I’ve always liked cute things: kittens, tiny travel-size toiletries, my nieces in dance recitals, and, of course, I married one heck of a cute guy. And my food cannot be left off this list. I love cute food, which usually means tiny food, or individual-size eats. Considering these Kale Egg Cups literally make people stop and say “how cute,” they definitely make the list. And it gets even better; not only are they cute, but they also are flavorful, healthy, and easy to whip up. You are in store for one tasty breakfast that is special enough for company and easy enough for weekday meals.
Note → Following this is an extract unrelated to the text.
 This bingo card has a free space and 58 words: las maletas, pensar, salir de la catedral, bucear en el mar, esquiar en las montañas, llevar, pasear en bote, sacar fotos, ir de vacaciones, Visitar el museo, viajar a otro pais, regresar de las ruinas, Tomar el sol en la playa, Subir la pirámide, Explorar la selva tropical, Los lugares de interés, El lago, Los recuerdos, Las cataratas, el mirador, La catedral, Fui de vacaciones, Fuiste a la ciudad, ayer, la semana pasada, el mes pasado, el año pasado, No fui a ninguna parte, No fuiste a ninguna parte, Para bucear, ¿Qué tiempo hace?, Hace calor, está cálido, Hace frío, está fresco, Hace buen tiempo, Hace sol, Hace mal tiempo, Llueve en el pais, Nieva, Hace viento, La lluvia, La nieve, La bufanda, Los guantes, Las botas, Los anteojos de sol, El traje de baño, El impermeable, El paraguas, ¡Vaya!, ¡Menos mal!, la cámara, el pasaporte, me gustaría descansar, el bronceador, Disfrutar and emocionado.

Per serving: 295 Calories • 19.7g Carbs (3.8g Fiber) • 16.5g Fat • 20.4g Protein
5 mins to prep – 20 mins to cook
Ingredients scaled to: 1 serving
- 1 tsp Olive oil (4.5 grams)
- 8 oz Kale (227 grams)
- 2 extra large Egg (112 grams)
- 1/2 dash Salt (0.20 grams)
- 1/2 dash Pepper (0.050 grams)
Directions are based on the original recipe of 2 servings
- Preheat oven to 375 degrees F and grease a muffin tin with olive oil. Set aside.
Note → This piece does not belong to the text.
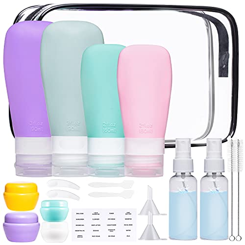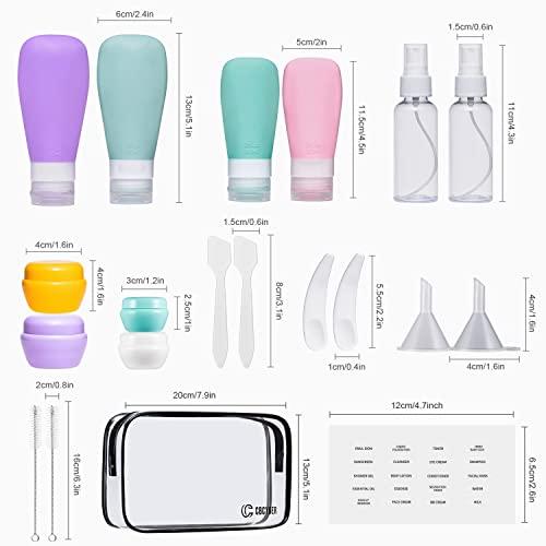 CBCYBER Silicone Travel Bottles Set for Toiletries Leak Proof Travel Size Bottles 20 PCS TSA Approved Travel Size Toiletries Containers Travel Accessories for Shampoo Make up Lotion Soap Liquids

- In a large pot, bring approximately 4 cups of water to a boil. Add the kale leaves and cook for about 1 minute. Have a large bowl of ice water standing by.
- When the Kale leaves have turned bright green and soft, remove from boiling water and immerse the leaves in the cold water to stop the cooking process.
- Remove the cooled leaves from the ice water and pat dry with a paper towel. Line each cup of the muffin tin with a large kale leaf (trimming the edges if necessary).
- Into each kale-lined cup, crack one egg. Sprinkle each with salt and pepper and bake for 20 minutes or until the egg is set.
- Remove each egg cup from the muffin tin and serve warm.